EXERCISE DETAILS:
Leave the pictures out and restate every line below exactly.

DATA PROVIDED:
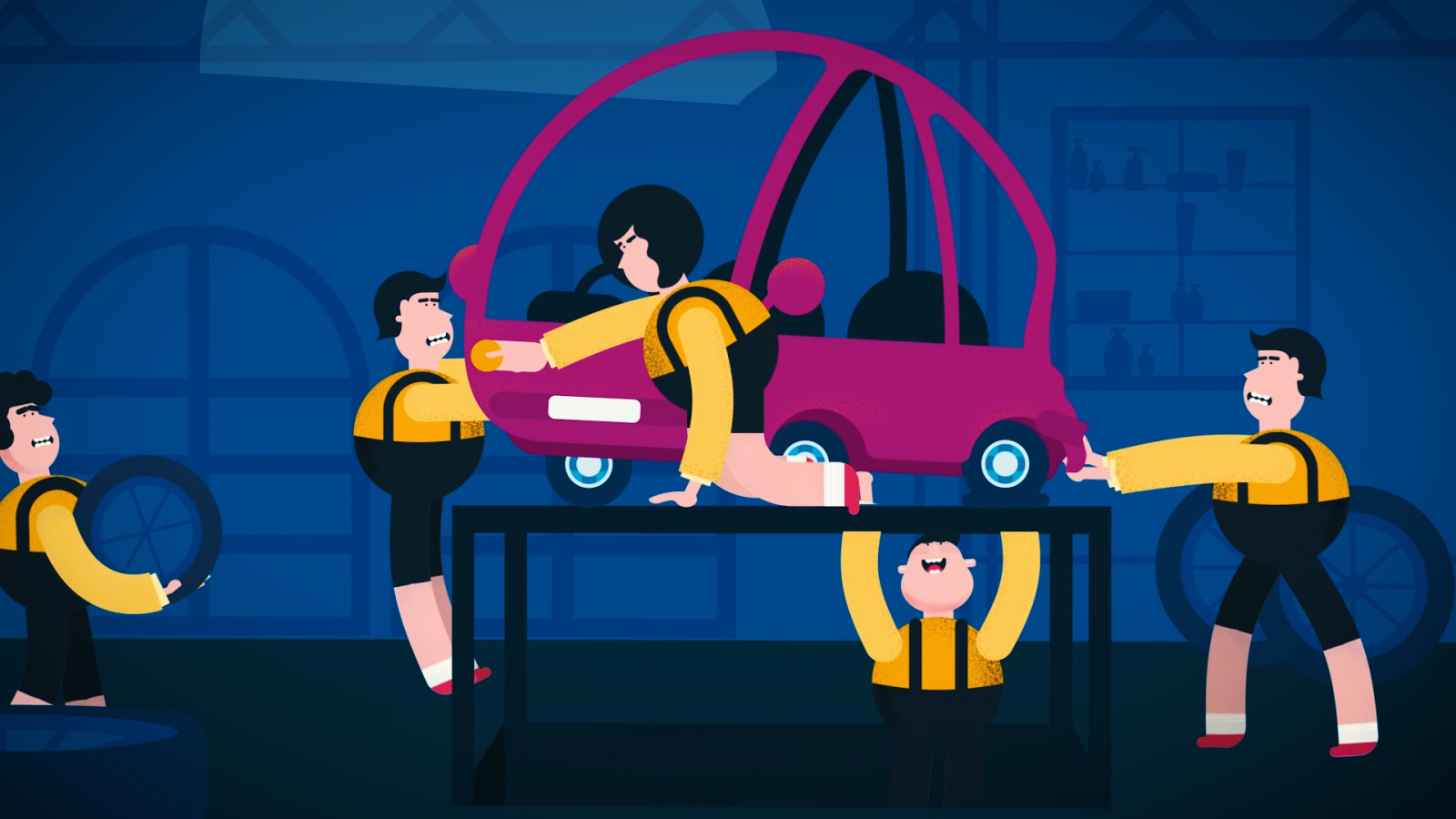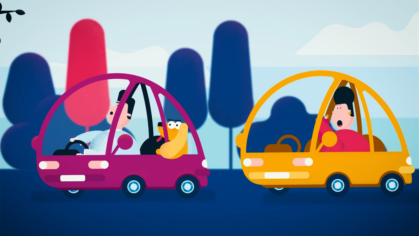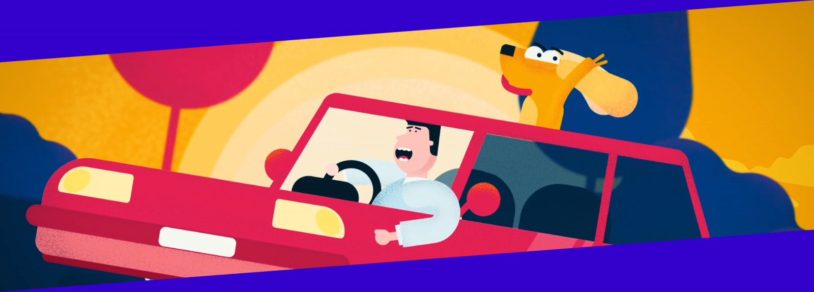 Strong colors and funny movement create a happy look & feel.
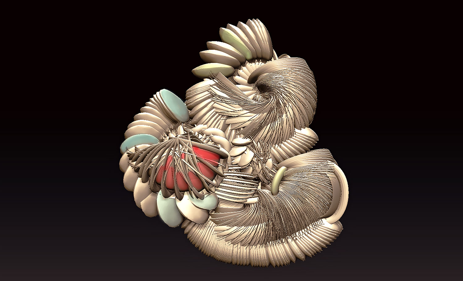 Isn’t it peculiar how I’ve used ZBrush for years but when I look at each one I have no idea how you did it. I could kinda sorta guess but nothing definitive. What’s lovely about working this way is that it can never be repeated. I’ve always been interested in ZBrush as a visual synthesizer and this work exemplifies it.
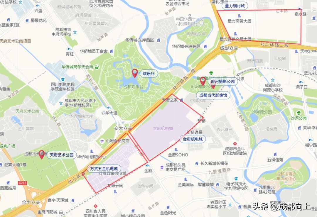 沿着北三环一路向西,府河摄影公园、成都当代影像馆、欢乐谷、天府艺术公园等城市场景,已慢慢将这片区的公园城市气质给撑起来了,但北三环内的万贯、金府两大传统市场,一直拖着牛牛高质量发展的后腿。

SOLUTION:
 Strong colors and funny movement create a happy look & feel.
 Isn’t it peculiar how I’ve used ZBrush for years but when I look at each one I have no idea how you did it. I could kinda sorta guess but nothing definitive. What’s lovely about working this way is that it can never be repeated. I’ve always been interested in ZBrush as a visual synthesizer and this work exemplifies it.
 沿着北三环一路向西,府河摄影公园、成都当代影像馆、欢乐谷、天府艺术公园等城市场景,已慢慢将这片区的公园城市气质给撑起来了,但北三环内的万贯、金府两大传统市场,一直拖着牛牛高质量发展的后腿。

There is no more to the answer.